Skip to content

Support all Types of Languages

Compare
Choose a tag to compare
@Flux9665 Flux9665 released this 20 May 10:04
· 27 commits to Multi_Language_Multi_Speaker since this release
1ae0202

This release extends the toolkits functionality and provides new checkpoints.

New Features:

  • support for all phonemes in the IPA standard through an extended lookup of articulatory features
  • support for some suprasegmental markers in the IPA standard through parsing (tone, lengthening, primary stress)
  • praat-parselmouth for greatly improved pitch extraction
  • faster phonemizaton
  • word boundaries are added, which are invisible to the aligner and the decoder, but can help the encoder in multilingual scenarios
  • tonal languages added, tested and included into the pretraining (Chinese, Vietnamese)
  • Scorer class to inspect data given a trained model and dataset cache (provided pretrained models can be used for this)
  • intuitive controls for scaling durations and variance in pitch and energy
  • divese bugfixes and speed increases

Note:

  • This release breaks backwards compatibility. Make sure you are using the associated pretrained models. Old checkpoints and dataset caches become incompatible. Only HiFiGAN remains compatible.
  • Work on upcoming releases is already in progress.

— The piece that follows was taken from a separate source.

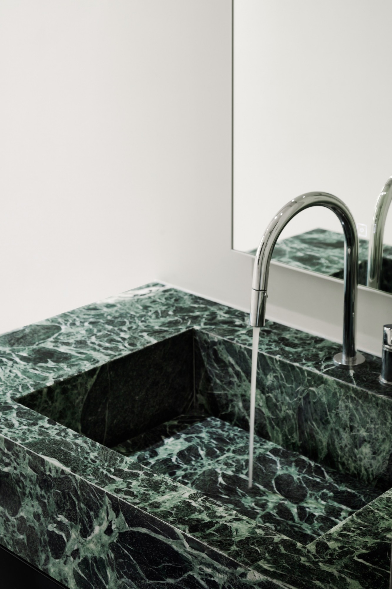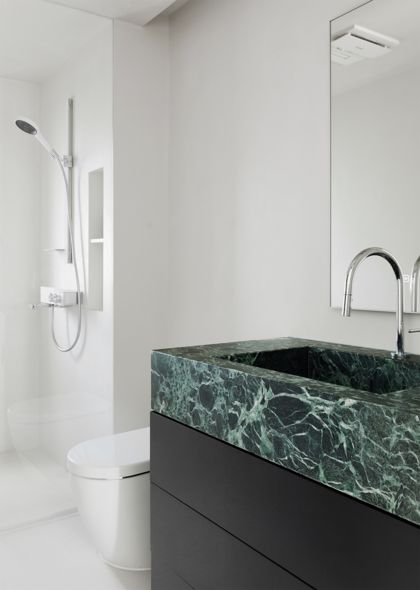 • 主调是纯白哑光墙面+地面,搭配黑色哑光浴室柜,台面同样用了祖母绿大理石(和洗手池一体化设计,无缝衔接更显高级);

Improved voice adaptation will be our next goal.
  • To use the pretrained checkpoints, download them, create their corresponding directories and place them into your clone as follows (you have to rename the HiFiGAN and FastSpeech2 checkpoints once in place):
...
Models
└─ Aligner
      └─ aligner.pt
└─ FastSpeech2_Meta
      └─ best.pt
└─ HiFiGAN_combined
      └─ best.pt
...